▶ [Given records]:
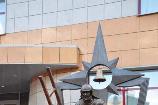 На заднем плане скульптурной композиции можно видеть очертания РАСКРЫТОЙ КНИГИ - символа знаний, которые постигаются в учебном заведении. В центре раскрытой книги, возвышаясь над фигурой пожарного, расположен основной символ МЧС России – ЗВЕЗДА НАДЕЖДЫ И СПАСЕНИЯ, означающая, что спасатели готовы оказать помощь в любой точке мира в любое время.
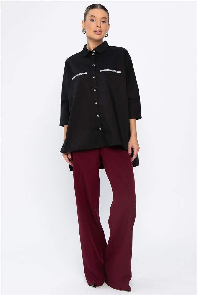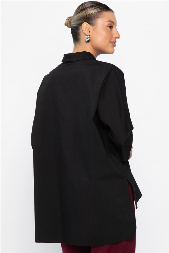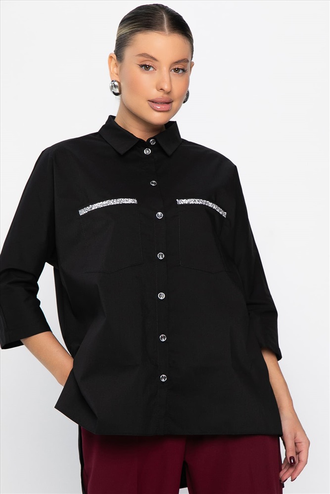 Стильная рубашка — базовая основа гардероба! Подходит как для офиса, так и для учёбы. Рукава длиной 3/4, два накладных кармана, длина рубашки сзади длиннее, чем спереди. Оверсайз-модель придает стильный и современный вид, при этом прекрасно скрывая все недостатки фигуры. Это великолепный выбор для тех, кто предпочитает оригинальность и стиль в своем аутфите. Прекрасно сочетается с различными низами и аксессуарами.
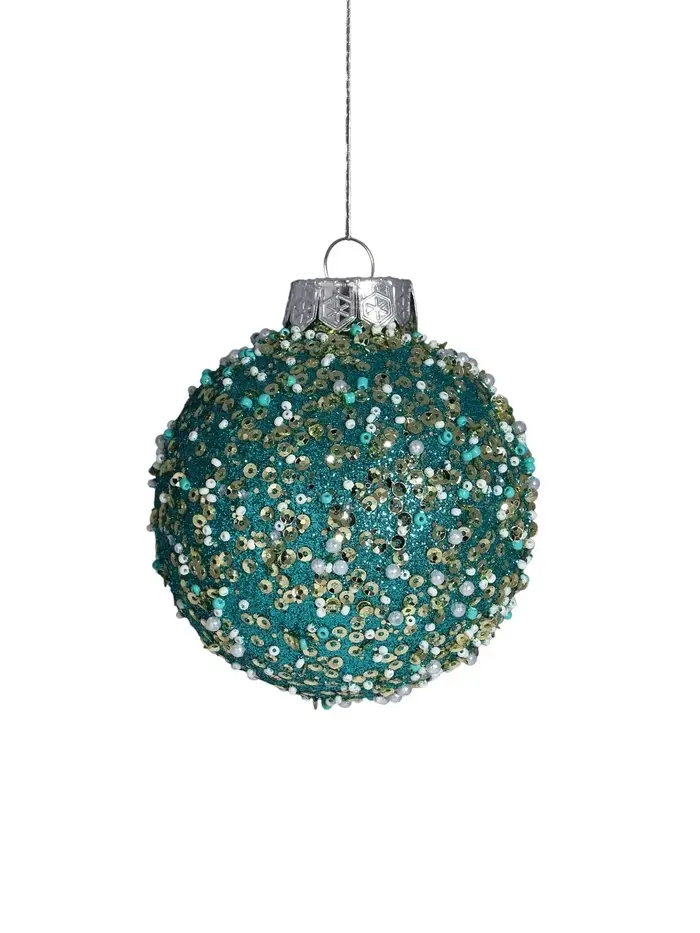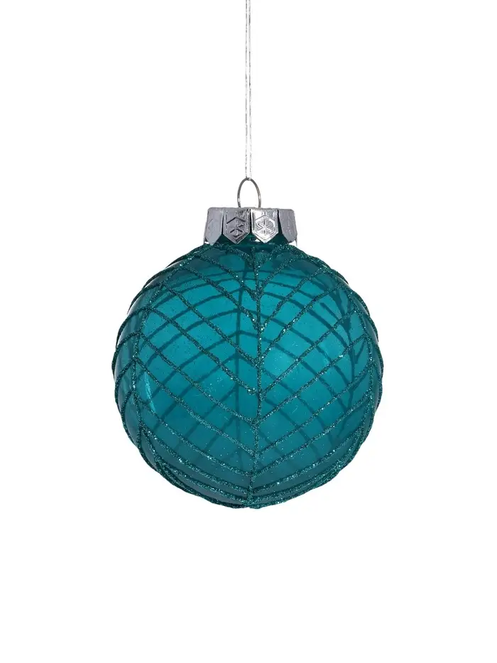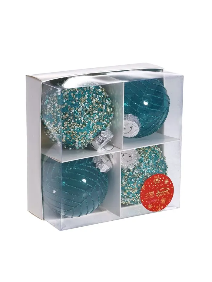 Ёлочные игрушки «Аустен», шары новогодние, d=8 см, 4 шт., паутинка, бирюзовый
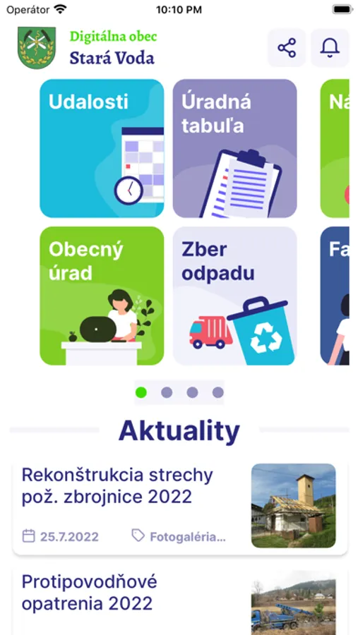 Na jednom mieste aktuality, udalosti, informácie z obecného úradu, počasie, kalendár zberu odpadu, farské oznamy, história, fotogaléria, užitočné návody, zasielanie dôležitých notifikácií a všetky ostatné informácie pre občana.
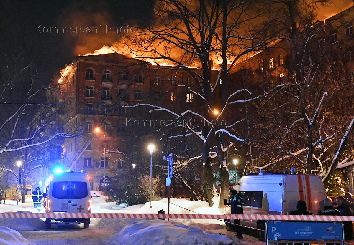 Пожар в шестиэтажном жилом доме на улице Черняховского возле метро "Аэропорт". Площадь пожара кровли…
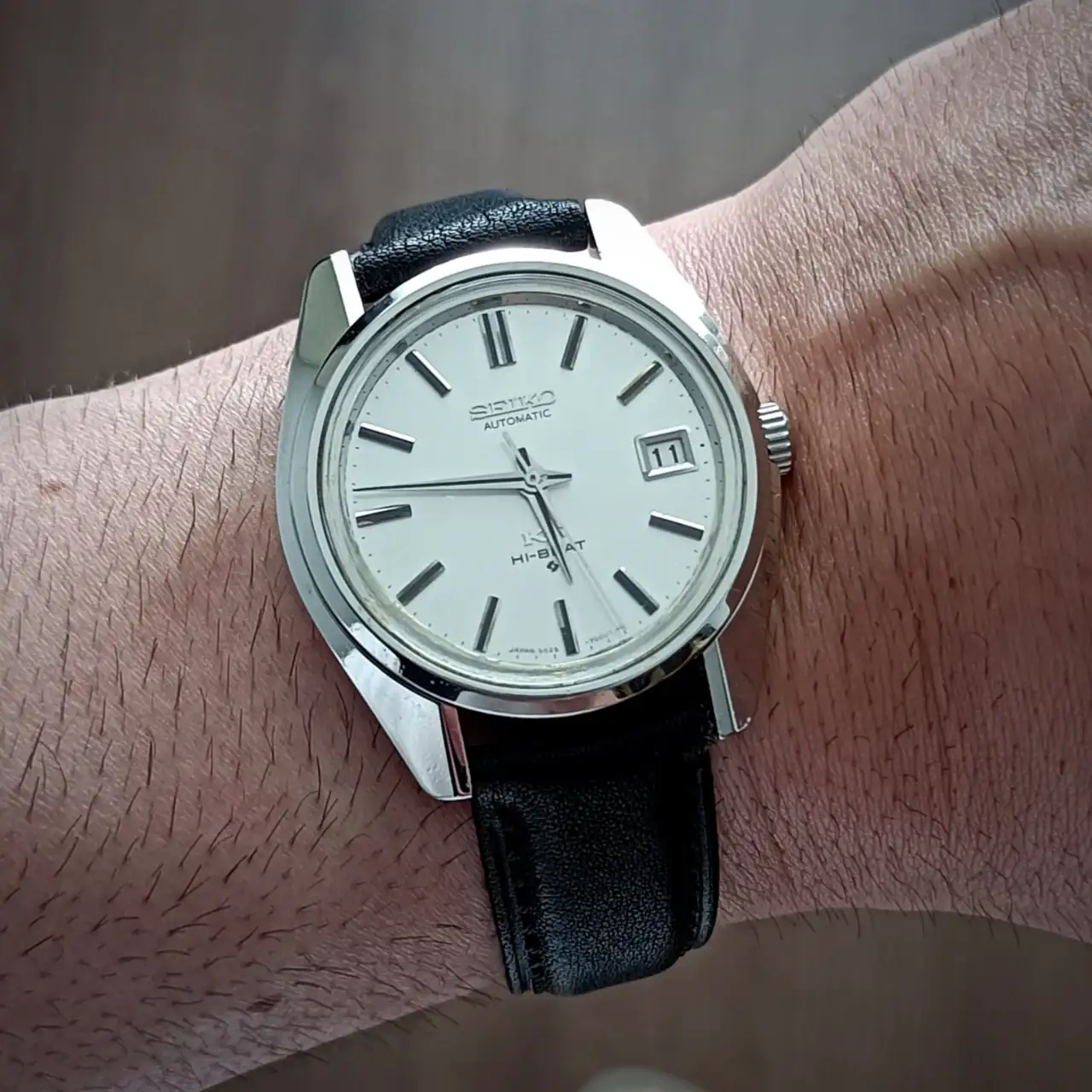 Y por último el mejor reloj que tengo. 55 años de reloj que funciona con una precisión increíble para la edad que tiene. Se nota que pertenece a los días de máximo esfuerzo por competir con el inicio de los cuarzos, antes de la desaparición de la marca. Su forma es como de diamante cuando la ves de lado y plana cuando la ves de frente. Una maravilla del diseño que traspasa el tiempo hasta los días de hoy.
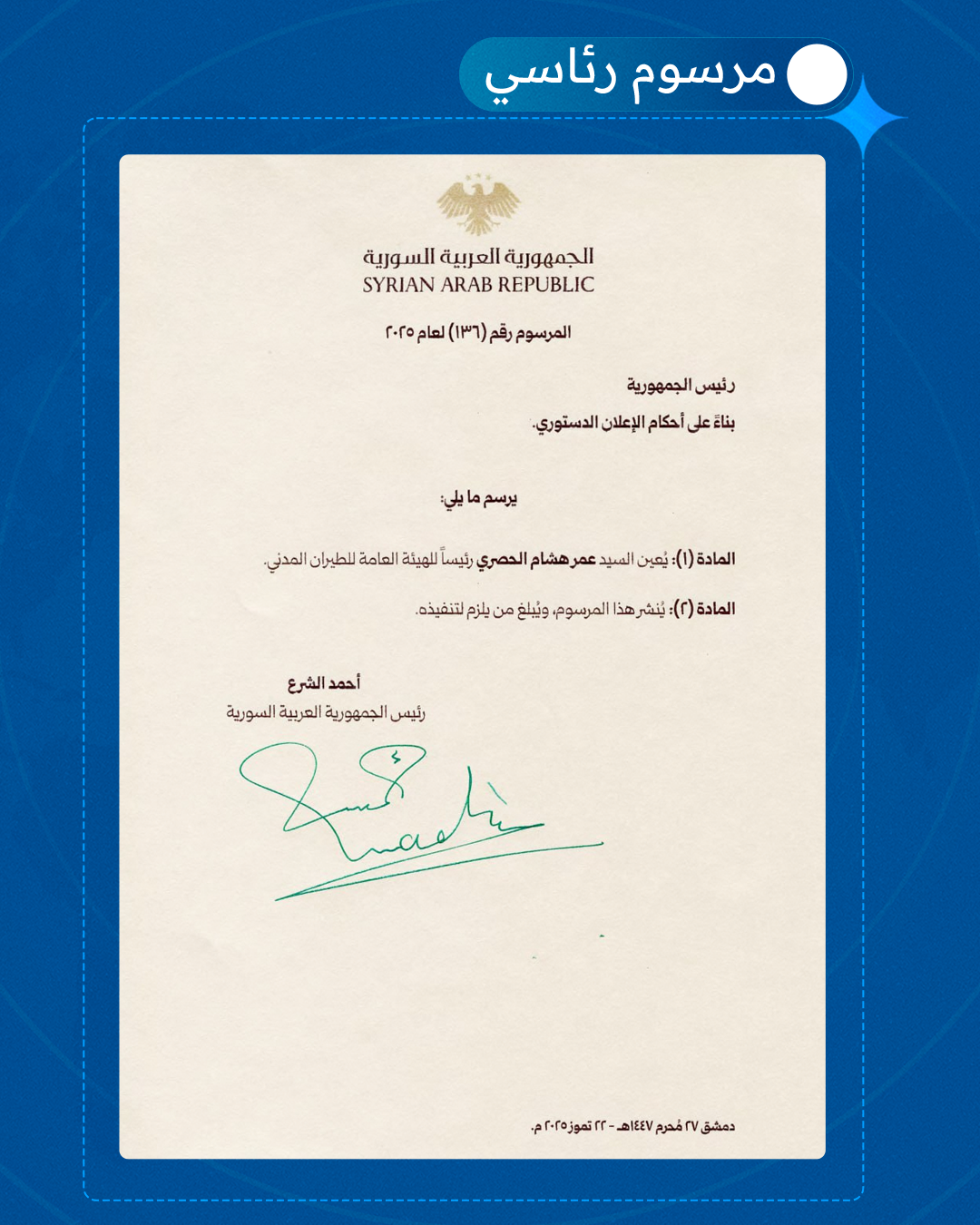 أصدر السيد الرئيس أحمد الشرع المرسوم رقم 136 لعام 2025 القاضي بتعيين السيد عمر هشام الحصري رئيساً للهيئة العامة للطيران المدني.
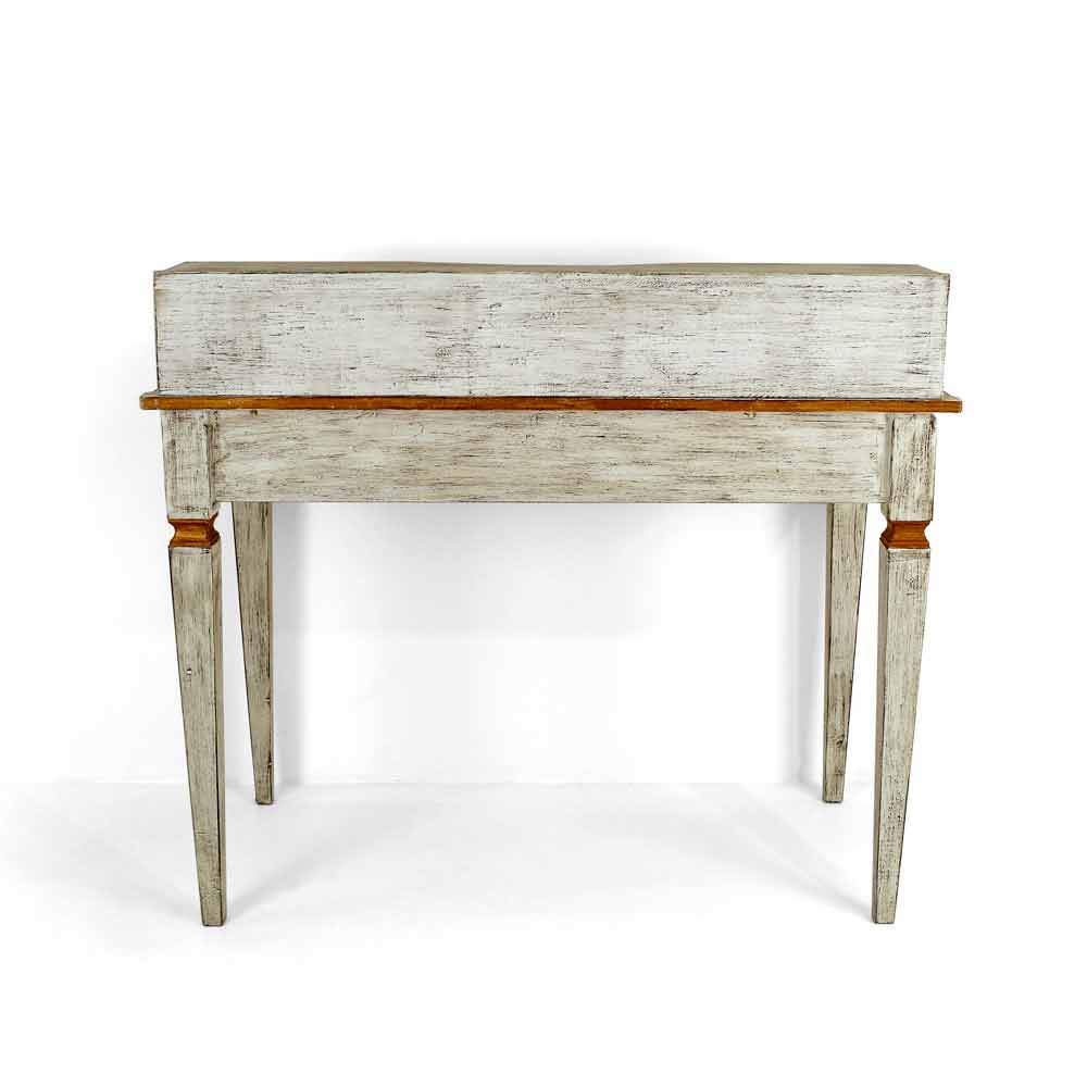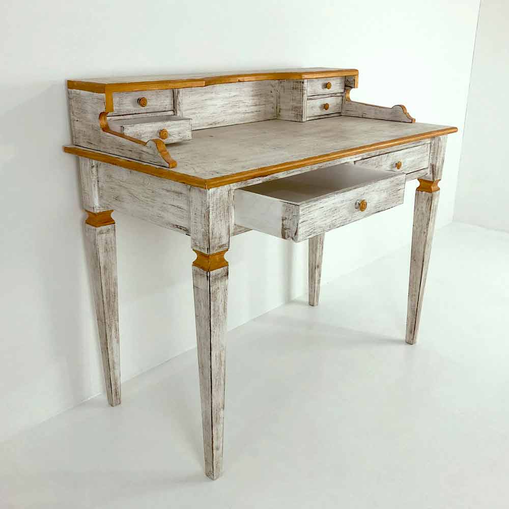 Schreibtischhandgefertigt in Italien aus massivem Tannenholz mit gealterter weißer Oberfläche, angereichert mit Profilen und Details in antikem Gold . Die Struktur verfügt außerdem über einen praktischen, leicht entfernbaren Backsplash , mit dem Sie insgesamt 6 Schubladen erhalten, die sich ideal zum Anordnen und Organisieren Ihrer Objekte eignen.
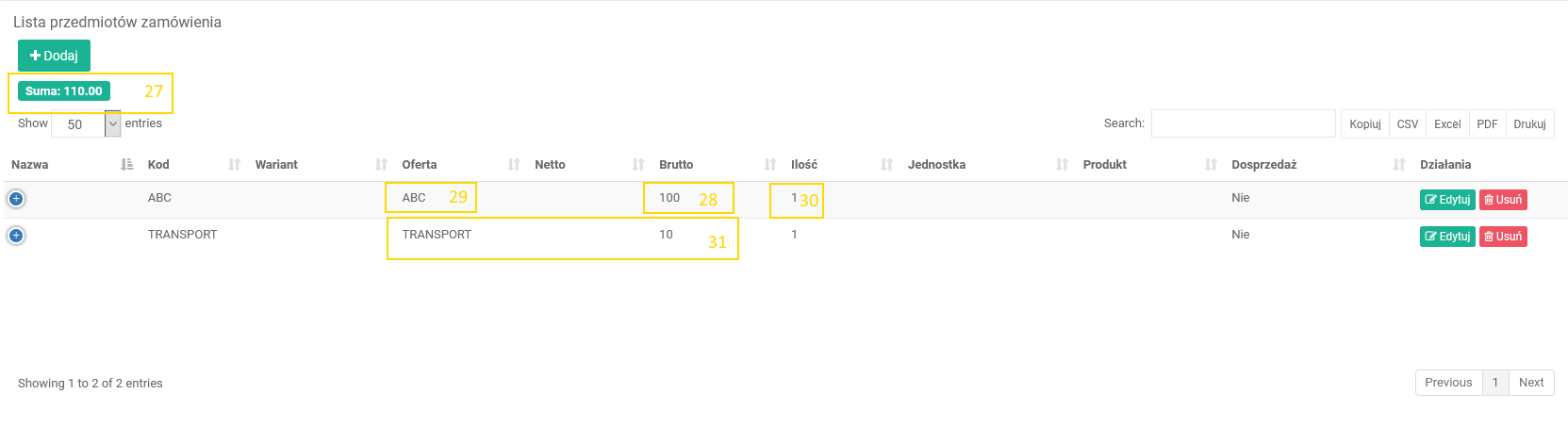 | Edycja zamówienia > Lista przedmiotów zamówienia | Suma | 27 | Sprzedaż na ERLI.pl -> Zamówienia -> Lista zamówień -> Szczegóły – > Produkty | Razem do zapłaty | 15 | |
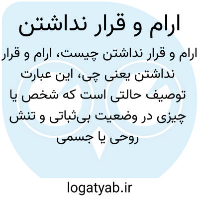 این عبارت توصیف حالتی است که شخص یا چیزی در وضعیت بیثباتی و تنش روحی یا جسمی هست و نمیتواند به حالت سکون یا آرامش برسد. معمولاً این حالت در شرایط اضطراب، نگرانی یا مشکلات روانی دیده میشود.
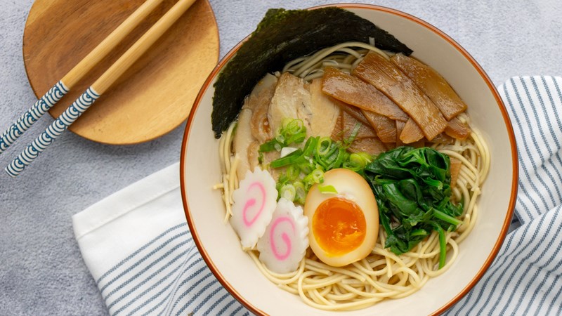 Ramen là món mì nước nổi tiếng của Nhật Bản, gồm mì được nấu mềm, nước dùng đậm đà và các loại topping như thịt lợn, trứng luộc, rau, và rong biển. Mỗi vùng ở Nhật có cách nấu nước dùng khác nhau như miso, shoyu (nước tương), shio (muối) hay tonkotsu (xương heo), tạo nên hương vị đa dạng và phong phú. Ramen không chỉ là món ăn phổ biến hàng ngày mà còn là biểu tượng văn hóa ẩm thực Nhật Bản.
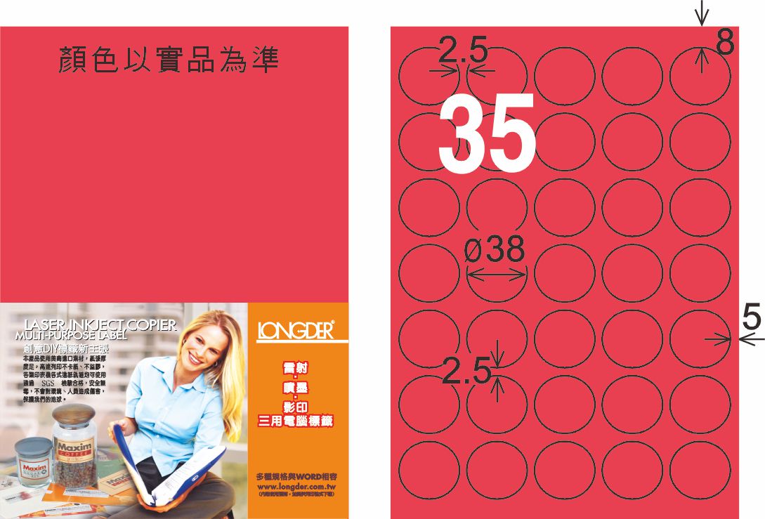 商品名稱:龍德 LD-823-FR-C A4雷射影印標籤 螢光紅 / 包
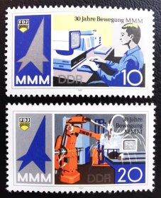 14A东德1987年邮票。未来技师作品展览30周年。2全新

▶ [Task to complete]: Leave out every picture, and write out exactly the lines from the one with "商品名稱:龍德 LD-823-FR-C A4雷射影印標籤 螢光紅 / 包" through the end of the records above, both ends included.

▶ [Exercise response]:
 商品名稱:龍德 LD-823-FR-C A4雷射影印標籤 螢光紅 / 包
 14A东德1987年邮票。未来技师作品展览30周年。2全新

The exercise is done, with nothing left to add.